C'est fou d'avoir une mère qui stresse autant alors que je suis en Terminale et que je pars en voyage scolaire ! En plus c'est juste pour trois jours. Et je ne vais pas à l'autre bout du monde. Je vais à Londres. En plus je ne suis pas seule, il y a ma classe donc trente cinq élèves et trois professeurs.

"Ca va Emma, pas trop en retard ? me taquine Théo quand je monte dans le bus. Ma mère a un vrai talent pour me rendre en retard avec ses petites inquiétudes de mère poule.

- Oh ouais ça va. Enfin, tu connais ma mère ! Je jette un regard par la fenêtre au trottoir, où les profs et quelques parents sont toujours en train de poireauter. C'est quand qu'on est censés partir ?

- Y'a dix minutes au moins. Mais faut attendre les retardataires.

- En parlant de ça, ils sont où Roxanne et Matt ?

- Là." Théo pointe par la fenêtre, et en effet, j'aperçois mes amis en train de se faire pointer sur une des éternelles listes des profs. Roxanne a même pris un oreiller et a les cheveux en bataille. Elle tient un café brûlant à la main : j'observe captivée la vapeur montant dans l'air encore froid de ce mardi matin et je me demande quand est-ce qu'on va vraiment partir.

Au moins dix minutes plus tard, notre prof d'anglais, Mme Thomson, prend le micro et annonce notre départ.
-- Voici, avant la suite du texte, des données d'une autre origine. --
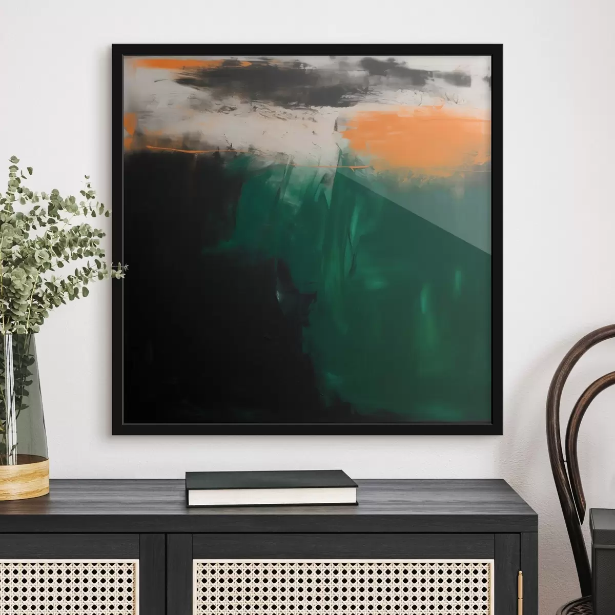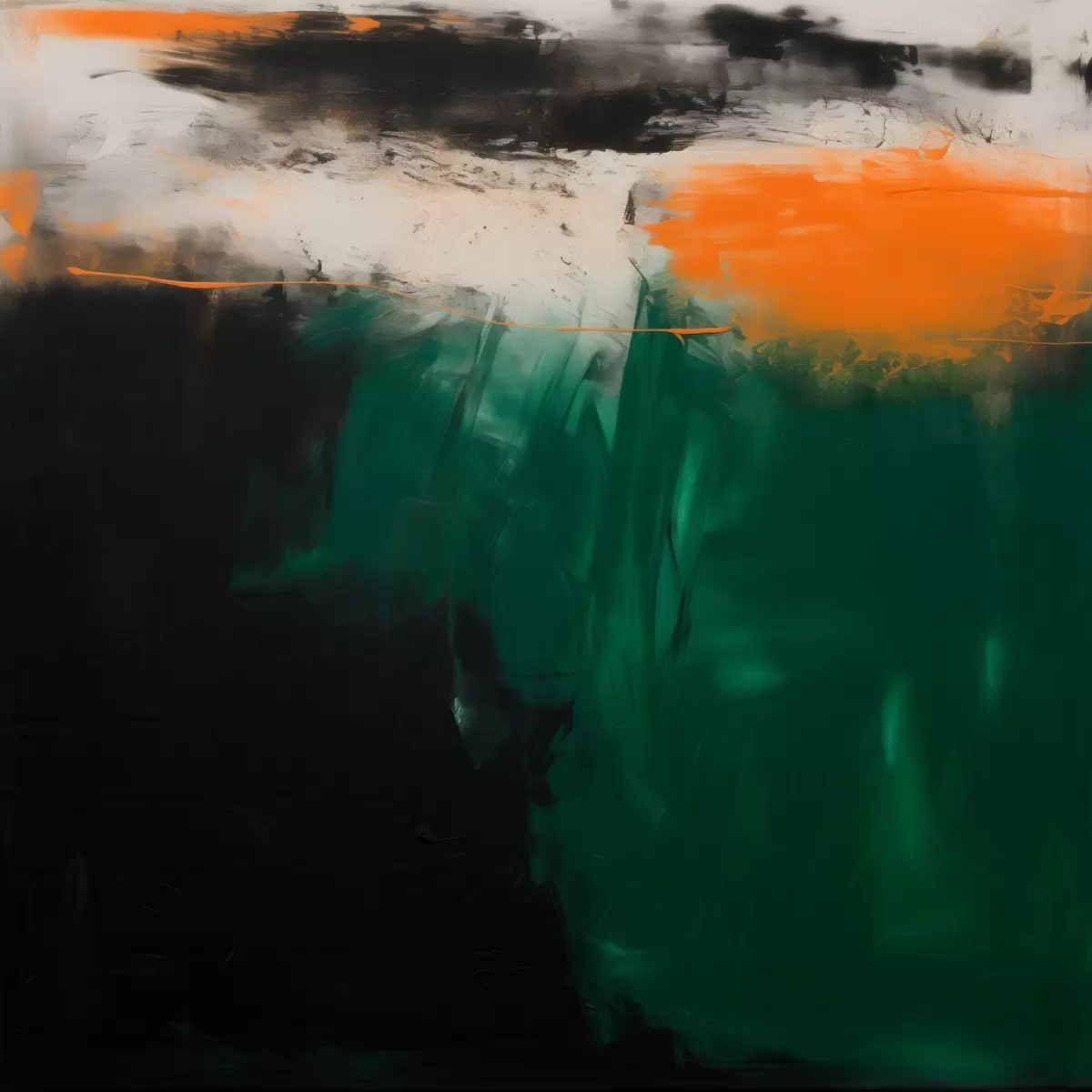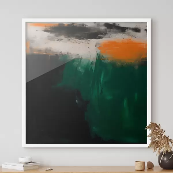 Poster Een abstract schilderij met oranje accenten en diepgroene penseelstreken in een eigentijdse stijl N° f48865

Même pas trente secondes après, Matt a déjà mis sa musique, malgré les protestations de Roxanne qui n'a pas l'air d'avoir entendu son réveil ce matin (il est à peine sept heures - je la comprends) et au moins cinq personnes sont déjà endormies. Je n'ai jamais compris pourquoi ils attendent le départ pour appuyer la tête contre la fenêtre et dormir.

J'ignore Matt et Roxanne en train de se chamailler et tourne mon regard vers le paysage qui défile à toute allure, me rappelant la dernière fois que nous étions allés en voyage scolaire (en Seconde, en France, c'était génial).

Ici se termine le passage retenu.